◆ **Information given**
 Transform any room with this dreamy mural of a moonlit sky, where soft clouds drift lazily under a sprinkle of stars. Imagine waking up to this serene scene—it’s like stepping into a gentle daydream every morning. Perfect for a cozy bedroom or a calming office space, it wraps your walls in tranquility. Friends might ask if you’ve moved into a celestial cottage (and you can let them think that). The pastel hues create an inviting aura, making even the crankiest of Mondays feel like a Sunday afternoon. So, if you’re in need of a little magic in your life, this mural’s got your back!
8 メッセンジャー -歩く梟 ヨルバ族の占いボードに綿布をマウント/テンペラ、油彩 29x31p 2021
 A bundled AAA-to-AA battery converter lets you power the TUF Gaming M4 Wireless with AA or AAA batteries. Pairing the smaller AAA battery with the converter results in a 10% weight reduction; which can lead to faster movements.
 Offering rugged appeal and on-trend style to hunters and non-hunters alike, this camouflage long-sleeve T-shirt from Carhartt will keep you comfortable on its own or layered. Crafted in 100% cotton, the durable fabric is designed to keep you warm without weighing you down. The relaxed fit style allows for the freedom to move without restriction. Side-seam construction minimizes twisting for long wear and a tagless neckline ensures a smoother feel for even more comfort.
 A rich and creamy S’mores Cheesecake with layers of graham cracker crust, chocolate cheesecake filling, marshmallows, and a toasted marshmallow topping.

* * *

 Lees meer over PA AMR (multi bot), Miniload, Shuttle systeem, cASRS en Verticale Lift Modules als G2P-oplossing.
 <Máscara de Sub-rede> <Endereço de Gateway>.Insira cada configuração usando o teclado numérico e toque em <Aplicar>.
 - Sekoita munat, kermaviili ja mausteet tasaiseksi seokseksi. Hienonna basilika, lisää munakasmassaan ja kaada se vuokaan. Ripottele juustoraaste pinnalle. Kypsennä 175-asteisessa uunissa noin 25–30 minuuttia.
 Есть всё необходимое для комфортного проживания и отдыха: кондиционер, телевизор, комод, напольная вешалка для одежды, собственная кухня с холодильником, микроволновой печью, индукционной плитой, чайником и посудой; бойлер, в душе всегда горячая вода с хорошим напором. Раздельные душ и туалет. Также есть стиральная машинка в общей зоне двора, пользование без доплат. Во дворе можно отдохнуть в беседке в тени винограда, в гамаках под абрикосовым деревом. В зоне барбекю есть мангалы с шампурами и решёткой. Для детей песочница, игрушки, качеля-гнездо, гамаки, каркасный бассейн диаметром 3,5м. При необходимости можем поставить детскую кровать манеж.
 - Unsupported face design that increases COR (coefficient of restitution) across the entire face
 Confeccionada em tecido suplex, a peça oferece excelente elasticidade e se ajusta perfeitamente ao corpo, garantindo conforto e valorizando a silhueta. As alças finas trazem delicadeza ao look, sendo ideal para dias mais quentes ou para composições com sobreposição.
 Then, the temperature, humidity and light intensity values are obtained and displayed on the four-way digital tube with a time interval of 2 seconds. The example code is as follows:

◆ **Brief**
After locating the line with "- Unsupported face" in the material above, return it and each line after it exactly, ending at the line with "Then, the temperature, humidity".

◆ **Answer to this exercise**
 - Unsupported face design that increases COR (coefficient of restitution) across the entire face
 Confeccionada em tecido suplex, a peça oferece excelente elasticidade e se ajusta perfeitamente ao corpo, garantindo conforto e valorizando a silhueta. As alças finas trazem delicadeza ao look, sendo ideal para dias mais quentes ou para composições com sobreposição.
 Then, the temperature, humidity and light intensity values are obtained and displayed on the four-way digital tube with a time interval of 2 seconds. The example code is as follows:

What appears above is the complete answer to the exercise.